Subject: kern/14251: raidframe LOCKDEBUG problems
To: None <gnats-bugs@gnats.netbsd.org>
From: None <apb@cequrux.com>
List: netbsd-bugs
Date: 10/15/2001 18:04:04
>Number:         14251
>Category:       kern
>Synopsis:       raidframe LOCKDEBUG problems
>Confidential:   no
>Severity:       serious
>Priority:       medium
>Responsible:    kern-bug-people
>State:          open
>Class:          sw-bug
>Submitter-Id:   net
>Arrival-Date:   Mon Oct 15 09:08:00 PDT 2001
>Closed-Date:
>Last-Modified:
>Originator:     Alan Barrett
>Release:        NetBSD-current 2001-10-13
>Organization:
Not much
>Environment:
System: NetBSD apb 1.5Y NetBSD 1.5Y (APB) #0: Mon Oct 15 14:42:28 SAST 2001 apb@apb:/usr/src/sys/arch/i386/compile/APB i386
Architecture: i386
Machine: i386

Relevant kernel config options are:
pseudo-device   raid            4       # RAIDframe disk driver
options         RAID_AUTOCONFIG         # auto-configuration of RAID components
options 	LOCKDEBUG

>Description:
There seem to be locking bugs in raidframe.  This PR is from an i386
system with NetBSD-current as of a few days ago, and with options
RAID_AUTOCONFIG.  The bugs do not appear to be machine dependent.

When I build a kernel without options LOCKDEBUG, it seems to work fine.

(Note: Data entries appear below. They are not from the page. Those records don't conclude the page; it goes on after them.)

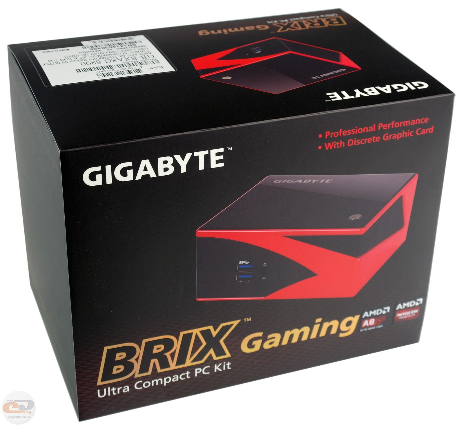В данном обзоре мы поговорим о версии GIGABYTE GB-BXA8G-8890, основанной на процессоре AMD A8-5557M с интегрированным графическим ядром AMD Radeon HD 8550G. А поскольку данный компьютер относится к игровой линейке GIGABYTE GAMING, то, конечно же, не обошлось и без дискретной видеокарты. В данном случае речь идет о AMD
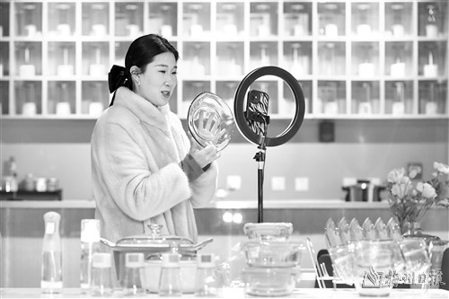 2月11日,河北省河间市一家工艺玻璃制品生产企业的工作人员在通过网络直播推介产品。
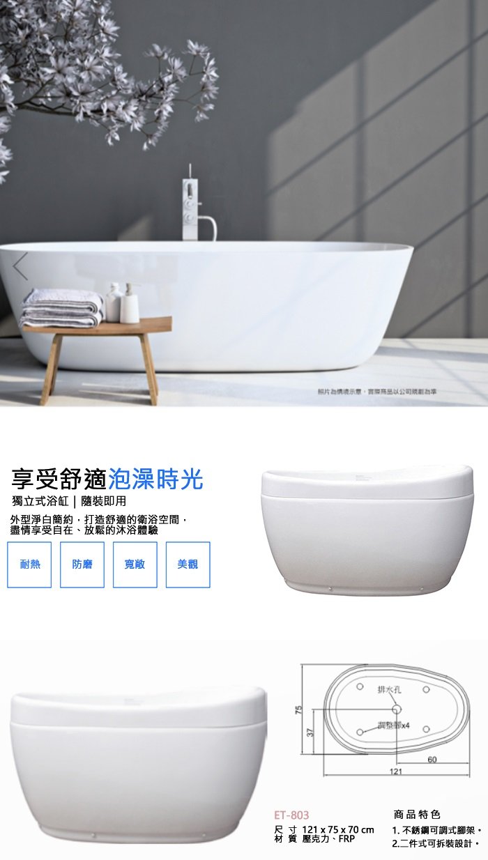 搶先評價 “【海夫健康生活館】ITAI一太 浴缸系列 淨白簡約大空間 雙層獨立式浴缸(ET803)” 取消回覆
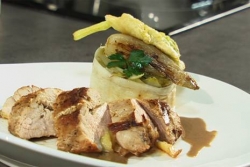4 fazantfilets, ½ l fazantbouillon getrokken van boutjes en karkassen of kant-en-klaar gekochte wildbouillon, 200 g spruitjes (klassiek mals gekookt in gezouten water), 1 daikon (Japanse rammenas) of een grote winterwortel, ½ kg witloof fijngesneden, 1 dl room, 1 ui fijngesneden, 1 knoflookteentje geperst, 1 el suiker, 200 g boter, 400 g aardappelen in blokjes gesneden, 100 g reepjes gedroogde Ganda ham, peper, zout, muskaatnoot, in tempura beslag (Japans deeg dat kant-en-klaar in poedervorm kan gekocht worden) gebakken selderblaadjes.
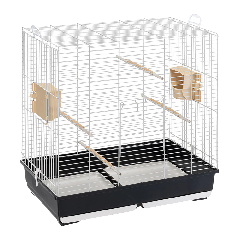 Sonia Large är en rymlig och klassiskt utformad fågelbur som passar utmärkt för undulater, nymfparakiter och andra liknande fåglar. Den rektangulära formen ger ett generöst innerutrymme och skapar en trygg och bekväm miljö där fåglarna kan röra sig fritt, vila och äta i lugn och ro.
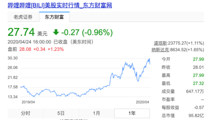 2020年4月17日,哔哩哔哩股票收盘价29.00美元,市值100.2亿美元,提早度过了陈睿定下的生死线,此后数日保持了小幅增长。
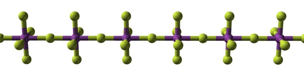 | Keywords: Bismuth-pentafluoride-chain-from-xtal-1971-3D-balls.png Ball-and-stick model of part of the crystal structure bismuth pentafluoride BiF<sub>5</sub> X-ray crystallographic data from http //dx doi org/10 1002/zaac 19713840204 Z anorg allg Chem 1971 384 111-114 Model constructed in http //www crystalmaker com/ CrystalMaker 8 1 Image generated in http //accelrys com/products/discovery-studio/visualization/discovery-studio-visualizer html Accelrys DS Visualizer Own 2009-06-04 Ben Mills Benjah-bmm27 Images by Ben Mills Ball-and-stick models Crystal structures of bismuth pentafluoride |
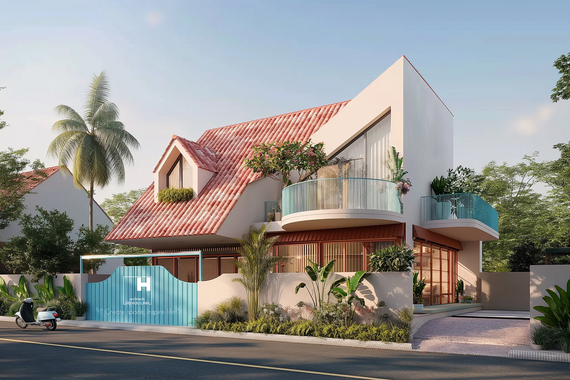 Lấy cảm hứng từ kiến trúc truyền thống: hàng hiên, mái ngói nghiêng, cửa lá sách,...Kết hợp với ngôn ngữ kiến trúc hiện đại tạo sự hài hòa, tinh tế. Tỉ lệ cân đối, bố trí hợp lý, mang đến sự bình yên, thư thái. Trong nhà và trên tầng tràn ngập thiên nhiên. Hệ thống thông tầng, kết nối các không gian sinh hoạt chung. Hàng hiên, ban công ngăn cách bên trong và bên ngoài, điều hòa không khí. Nội thất với Vật liệu tự nhiên: gỗ, đá mài. Màu sắc Cung Đình, . Mang đến cảm giác thanh lịch, thư thái, sang trọng và trang nhã
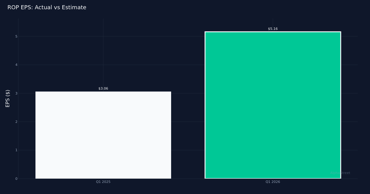Solid Beat. Roper Technologies, Inc. (NASDAQ:ROP) delivered Q1 2026 adjusted earnings of $5.16 per share, beating the $4.99 consensus estimate by 3.4% based on estimates from 17 analysts. Revenue of $2.10B exceeded Wall Street’s $2.06B forecast by 1.5%, representing an 11.0% increase from $1.88B in Q1 2025. The stock traded largely unchanged following the report, suggesting investors had anticipated the modest outperformance or remain cautious on valuation despite the growth trajectory.
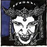 - Als oberste Schicht eine freie Interpretation des liturgischen Übergewandes irgendwo zwischen Kasel und Phelonion. Hier habe ich festen Canvas mit einen flauschigen Futterstoff kombiniert und anschließend mit silbernem Schrägband eingefasst, um die Verbindung zum Unterkleid herzustellen. Ich verwende zwar generell lieber Schurwollstoffe, möchte aber bei diesem Projekt einerseits aus Kostengründen hauptsächlich bereits vorhandene Materialien einsetzen, und andererseits soll noch ein großer Plot auf den Rücken des Überwurfes gebügelt werden. Das Material muss also hitzebeständig sein und die Transferfolie dauerhaft halten können. Böse Zungen munkelten etwas von wegen „sieht aus wie eine Inkontinenzunterlage“, deshalb müssen da unbedingt mehr Details ran. (Nein, Christian wars nicht.) Das gute Stück ist ergo noch nicht fertig.
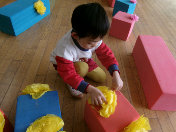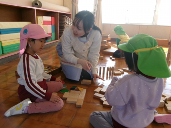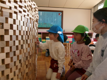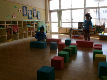 中ノ町幼稚園のお友達が待っていてくれました各部屋に荷物を置いたら、遊戯室でたくさんの積み木で遊びます
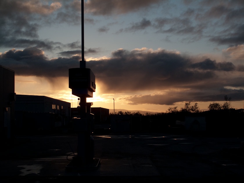 På baksiden av kroa så det slik ut. For å slippe og fotografere sola direkte la jeg den bak pumpa på stasjonen og fikk i stedet en flott himmel. Tempreaturen var topp og det var ikke lett å legge seg, men fornuften tok over. En dag i morgen også:-)
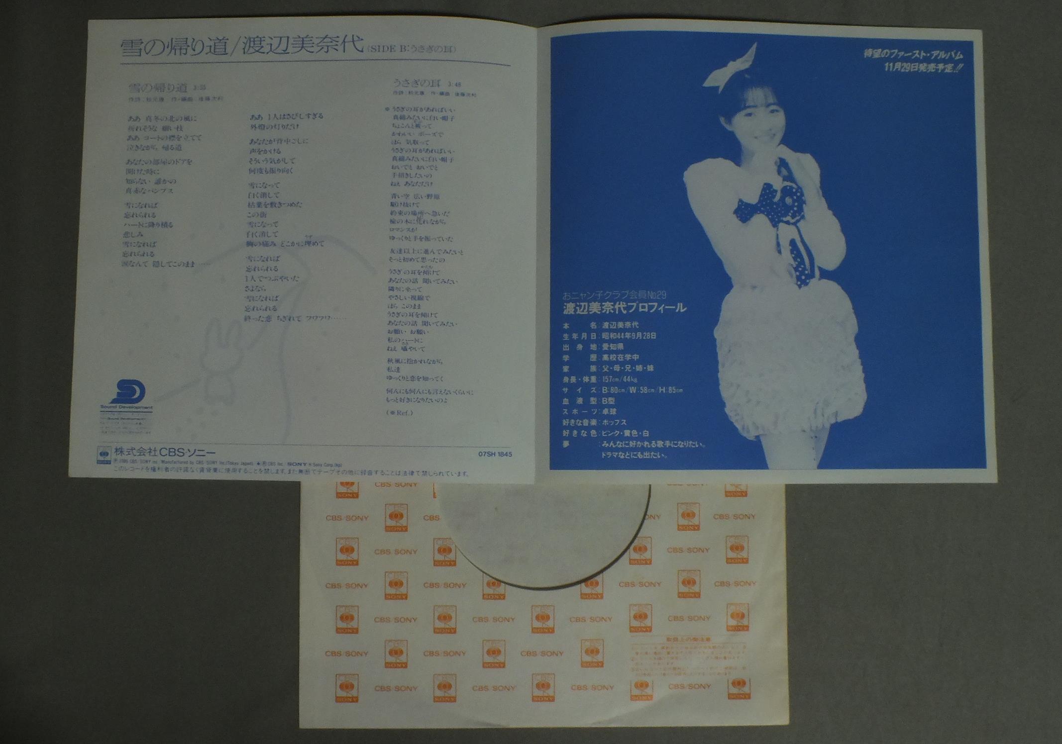 MINAYO WATANABE渡辺美奈代/雪の帰り道 07SH1845 製造国:日本盤 / Media:7inch外観:EX+盤の状態:EX+ 価格(税込):¥495 送料 7inch:定形外郵便 360円~LP:定形外郵便 660円~送料は、注文の最終画面で確認頂けます。 レコード検索 > J-POP > MINAYO WATANABE/ 外観 (EX+)特記事項:特記なし。外観EX+の共通説明:中古としては美品、一見してきれいでダメージが軽微。シミ、ヨゴレ、スレ有っても僅か~少し。 盤の状態 (EX+)特記事項:極薄いスリキズ・スレ少し。一見してきれいな状態です。盤EX+の共通説明:盤面の極薄いスリキズ、スレ少し程度 音に出そうなものは無いように見える(極軽微なソフトティック音は除く)。 Tweet それぞれの画像をクリックすると、大きい写真が見られます こちらの商品もお勧めです 770円 SEIKO MATSUDA松田聖子 / CANDYキャンディー 660円 YOU HAYAMI早見優 / IMAGEイマージュ 770円 MIKI ASAKURA麻倉未希 / DANCIN` M. 1,210円 YUKO TOMITAとみたゆう子 / CLASSICAL HEARTクラシカル・ハート 770円 YUKO ISHIKAWA石川優子 / YUKO TOKIMEKU-KORO優子ときめくころ 1,210円 TSUKASA ITOH伊藤つかさ / SAYONARA KONNICHIWAさよなら、こんにちは 770円 YUKO ISHIKAWA石川優子 / SPICYスパイシィ 1,210円 ERI NITTA新田恵利 / ERI
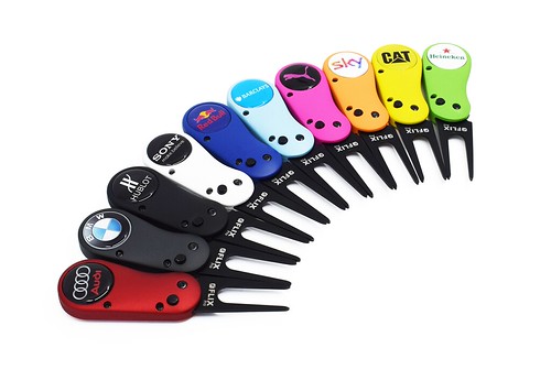 Flix Pro 2.0 auto opening metal repair tool with new removable shiny nickel 25mm faux enamel ball marker which is digitally printed up to full colour (our Ball Marker Pro). Bulk boxed. Upgrade to individual packaging in Black or White at an additional cost (Levit8 - code ADDLP)

When I build a kernel with options LOCKDEBUG, as soon as it gets to
the raidframe autoconfigure stage it prints several thousand lines of
debug messages (mostly "malloc with held simple_lock", and backtraces
associated with that) but continues to boot regardless.  It eventually
panics with:

panic: kernel diagnostic assertion "obj == 0 || _simple_lock_held((&obj->vmobjlock))" failed: file "../../../../uvm/uvm_page.c", line 990

>How-To-Repeat:
Set up a system with the root filesystem on a RAID 1 partition.
Boot a kernel with options LOCKDEBUG.
Observe the fun.

Here's an extract from what was printed to the console:

> boot netbsd.n -s
booting wd0a:netbsd.n (howto 0x2)
2965408+68728+403744 [65+189264+161742]=0x39e260
[ using 351528 bytes of netbsd ELF symbol table ]
BIOS CFG: Model-SubMod-Rev: fc-01-00, 0x74<EBDA,KBDINT,RTC,IC2>
Copyright (c) 1996, 1997, 1998, 1999, 2000, 2001
    The NetBSD Foundation, Inc.  All rights reserved.
Copyright (c) 1982, 1986, 1989, 1991, 1993
    The Regents of the University of California.  All rights reserved.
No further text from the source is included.